Stellar Alpina, a Zurich-based developer of Rotating Detonation Rocket Engines (RDRE), modular in-space vehicles and lunar landers, has raised CHF3.5M ($4.5M) in pre-seed funding led by Founderful. The company builds high-performance propulsion modules and compact landers to support a sovereign European path to the Moon and cislunar infrastructure. The capital will accelerate engine testing cycles and expand the engineering team.
Swiss Deep Tech Enters Cislunar Race
The timing aligns with accelerating European interest in lunar mobility. Astrobotic completed record-breaking RDRE hot-fire tests in April 2026, while NASA awarded Juno Propulsion funding for an RDRE demo the same year. Stellar Alpina differentiates through a Swiss precision focus on modular RDRE systems integrated with lunar landers rather than standalone engines.
Rapid Iteration Targets Propulsion Bottleneck
Traditional in-space propulsion has seen little architectural change in decades. After reaching orbit, assets still rely on systems that limit high-energy transfers and frequent lunar missions. Stellar Alpina targets this gap with engines that deliver up to 10x less volume and fewer mechanical components.
Modular RDRE Design Offers Efficiency Edge
The company integrates RDRE propulsion directly into modular vehicles and landers. This approach contrasts with competitors like Venus Aerospace, which targets atmospheric hypersonics, and Detonation Space, which focuses on general efficiency gains. Stellar Alpina's integrated platform aims for orbital logistics and lunar economy applications.
As founder Victor Elliesen noted:
"Our way to commercialization is to talk to as many customers as possible… Who says the first RDRE can’t come from Europe?"

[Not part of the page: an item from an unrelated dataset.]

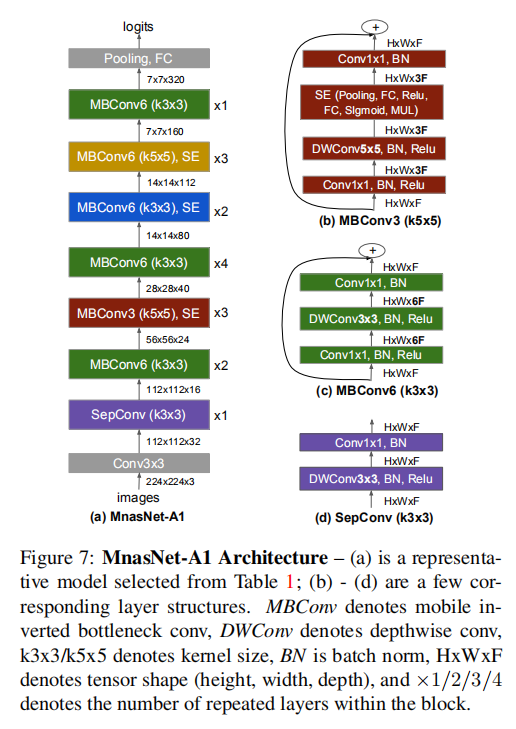 搜索得到的MnasNet模型包含了多个不同模块:

Founderful Leads Swiss Space Bet
Founderful led the round alongside LP&E and participated with support from ESA BIC Switzerland and Venture Kick. The pre-seed investor's portfolio includes aerospace hardware like Wingtra and emphasizes early deep-tech backing for university-rooted Swiss teams. ESA BIC provides non-dilutive validation and network access for space hardware.
Cislunar Market Expands at Double Digits
The cislunar infrastructure market is projected to grow from $3.77B in 2022 to $14.52B by 2033 at a 13.48% CAGR. Broader space propulsion is expected to reach $14.41B by 2031. Government lunar programs and private propulsion innovation drive capital into the sector.
82-Day Hotfire Milestone Signals Momentum
With deployments still ahead, Stellar Alpina plans to test a new engine configuration every two weeks, hire 12 or more employees, and deliver a spaceflight-ready RDRE by 2028.